In essence, discussions about present limitations shouldn’t eclipse potential future advancements. The question should transition from “Do humans need to verify LLM statements?” to “How can AI systems be refined to effectively shoulder the responsibility of verifying their own outputs?”
Can Large Language Models (LLMs) Generate New Knowledge?
There’s a frequent argument that large language models (LLMs) merely repackage existing knowledge and are incapable of generating anything new. However, this perspective may betray a misunderstanding of both the operation of LLMs and the process of human knowledge generation.
LLMs excel at completing arbitrary context. Almost invariably, this context is novel, especially when provided by a human interlocutor. Hence, the generated completion is also novel. Within a conversation, this capacity can incidentally set up a context that, with a high probability, generates output that we might label as a brilliant, entirely new idea. It’s this exploration in the vast space of potential word combinations that allows for the random emergence of novel ideas—much like how human creativity works. The likelihood of generating a groundbreaking new idea increases if the context window already contains intriguing information. For instance, a scientist contemplating an interesting problem.
It’s important to note that such a dialogue doesn’t necessarily need to involve a human. One instance of the LLM can “converse” with another. If we interpret these two instances as parts of a whole, the resulting AI can systematically trawl through the space of word combinations, potentially generating new, interesting ideas. Parallelizing this process millions of times over should increase the probability of discovering an exciting idea.
But how do we determine whether a word completion contains a new idea? This assessment could be assigned to yet another instance of the LLM. More effective, perhaps, would be to have the word completion evaluated not by one, but by thousands of LLM instances, in a sort of AI-based peer review process.
Let’s clarify what we mean by different instances of an LLM. Different instances of the LLM can mean just a different role in the conversation, e.g. bot1 and bot2. In this way a single call to the LLM could just go on with the conversation, switching between bot1 and bot2 as appropriate, until the token limit is achieved. Then the next call to the LLM is triggered with a summary of the previous conversation so that there is again some room for further discussion between the bots in the limited context window.
To better simulate the discussion between two humans or a human and a bot, two instances of the LLM could also mean the simulation of two agents each having its own memory. This memory has always to be pasted into the context window together with the previous ongoing conversation in a way so that there is still room for the text completion by the LLM in the limited context window.
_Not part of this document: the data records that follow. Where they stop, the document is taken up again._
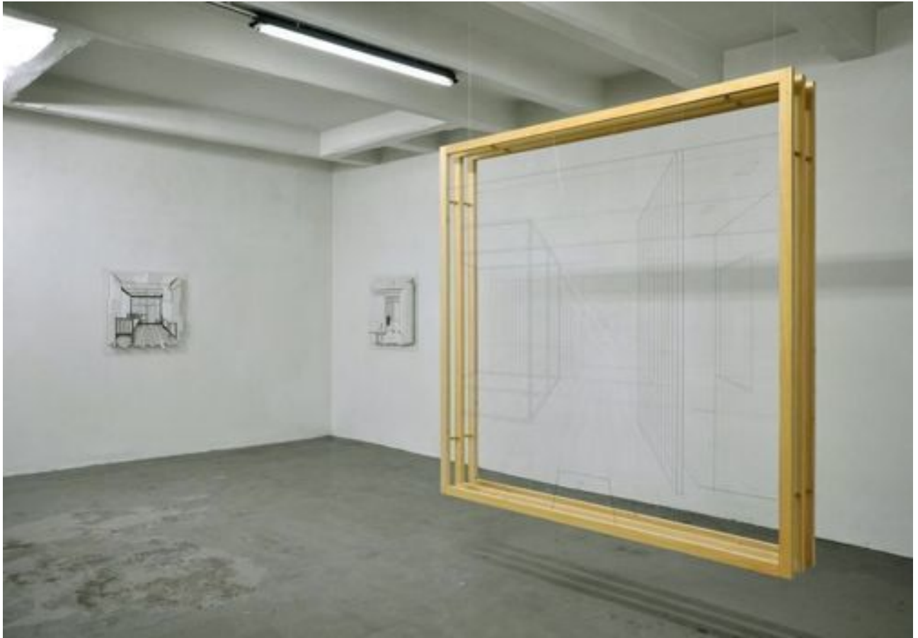
Window – corridor , 2012, black acrylic paint on fishing lines, wood frames, 200x200x25 cm / 79x79x10 inches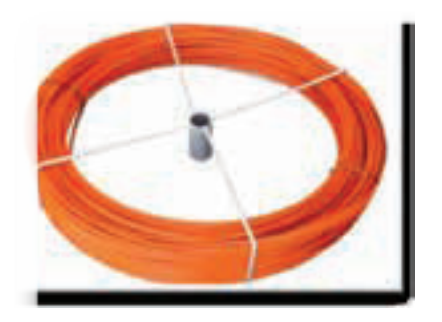
JK-XX, Joiner Kit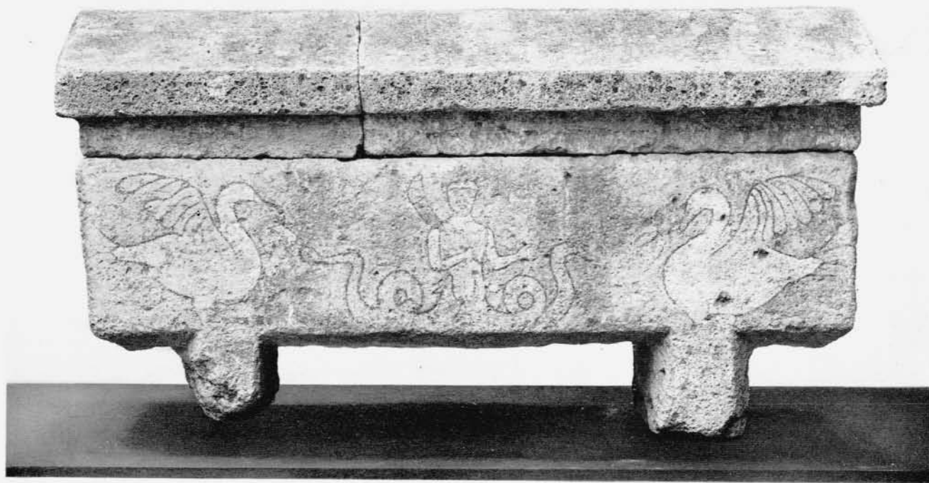
ETRUSCAN SARCOPHAGUS C.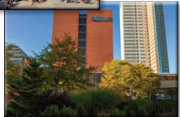
The Downtown Hilton Hotel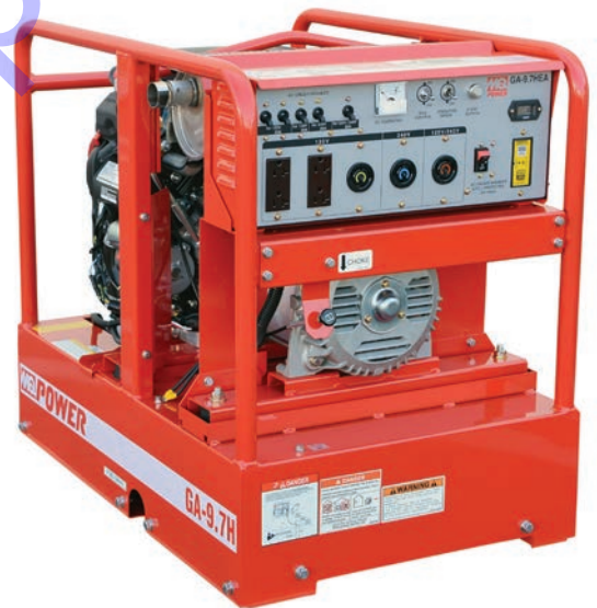
GA97HEA 9700 watts max. Honda engine, electric start Battery Specifications: 38B19R / MQ# Y0165103819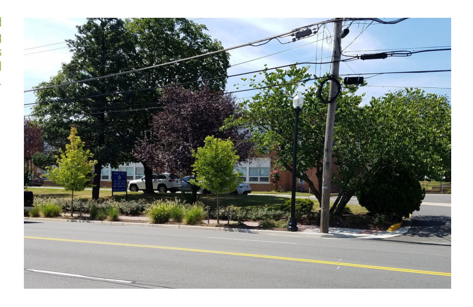
Fairfax County has invested resources in streetscaping portions of Annandale's sidewalks.

Additionally, because the area is flanked with multiple property owners and small parcel sizes, redevelopment opportunities are limited. The need for broader business stakeholder engagement could ultimately assist with creating a brand and promoting the area, but currently, this engagement is extremely limited. Finally, there seems to be an understanding that new residential development would help drive transformation, but for economic reasons, it is highly unlikely that the market could support such an approach to revitalization.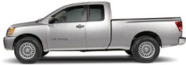
S KING CAB AND CREW CAB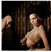
T Magazine: Women's Spring Fashion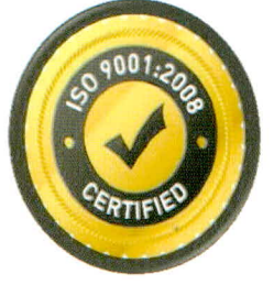
Finance Division Government of Pakistan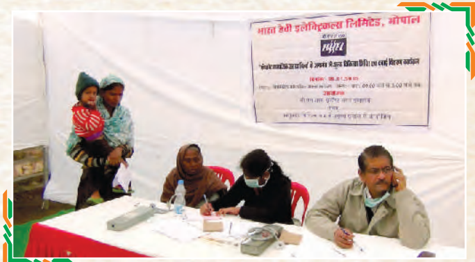
Medical camp organized at Sankal Padariya

BHEL, Bhopal under its Corporate Social Responsibility Program organized 03 medical camps during financial year 2014-15. The camps organized on 19.09.2014, 31.10.2014 and 09.01.2014 in the nearby villages of Jamunia Kalan, Amjhara and Sankal Padariya, respectively, were overwhelmingly successful.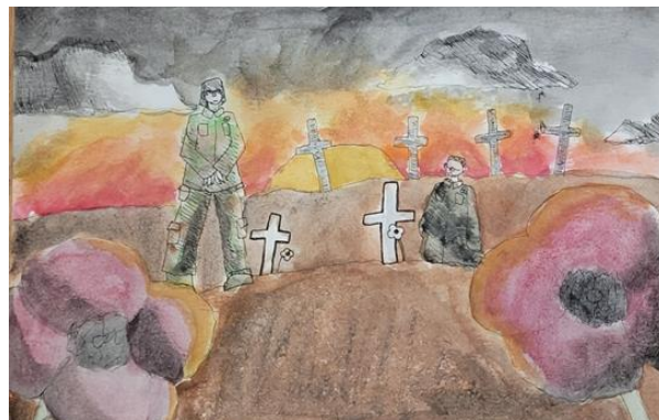
Eileen Flanagan Gr 6 Notre Dame Catholic Elementary School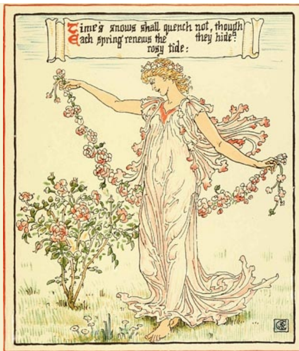
Time's snows shall quench not, though they hide: Each spring renews the rosy tide: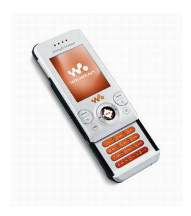
Sony Ericsson W580

Like the W800, the W580 has an MP3 player that plays all the popular unprotected music formats from a Memory Stick M2 card. Other impressive features include a 2-inch, 320x240 screen, real HTML Web browser, pedometer, FM radio, and built-in high-end games including The Sims 2. All this comes in a package only .56 inches thick and weighing 3.35 ounces. The W580 is a quad-band EDGE phone, so it will work on Cingular or T-Mobile networks.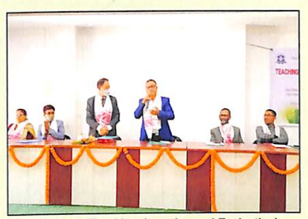
F. D. P. on 'Teaching, Learning and Evaluation organized by ICGC, DHSK College in collaboration with Assam Science & Technology University (ASTU) Guwahati from 5th January to 11th January 2021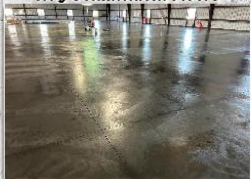
Machine Shop / Warehouse Floors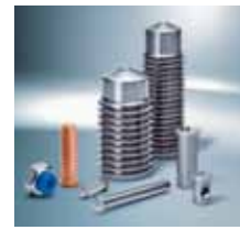
Stud welding systems 1)

Each agent will generate its own summary of the previous conversation, based on its own memory and the recent conversation. The summary is then always added to the memory. In this way, also each reviewer LLM instance mentioned above has in its context window a unique memory, the last part of the conversation and the task to assess the last output in the discussion. The unique memory of each agent will give each agent a unique perspective on the conversation.
This, in effect, reveals a potential new avenue for idea generation, knowledge expansion, and innovation, one that leverages the predictive capabilities of AI.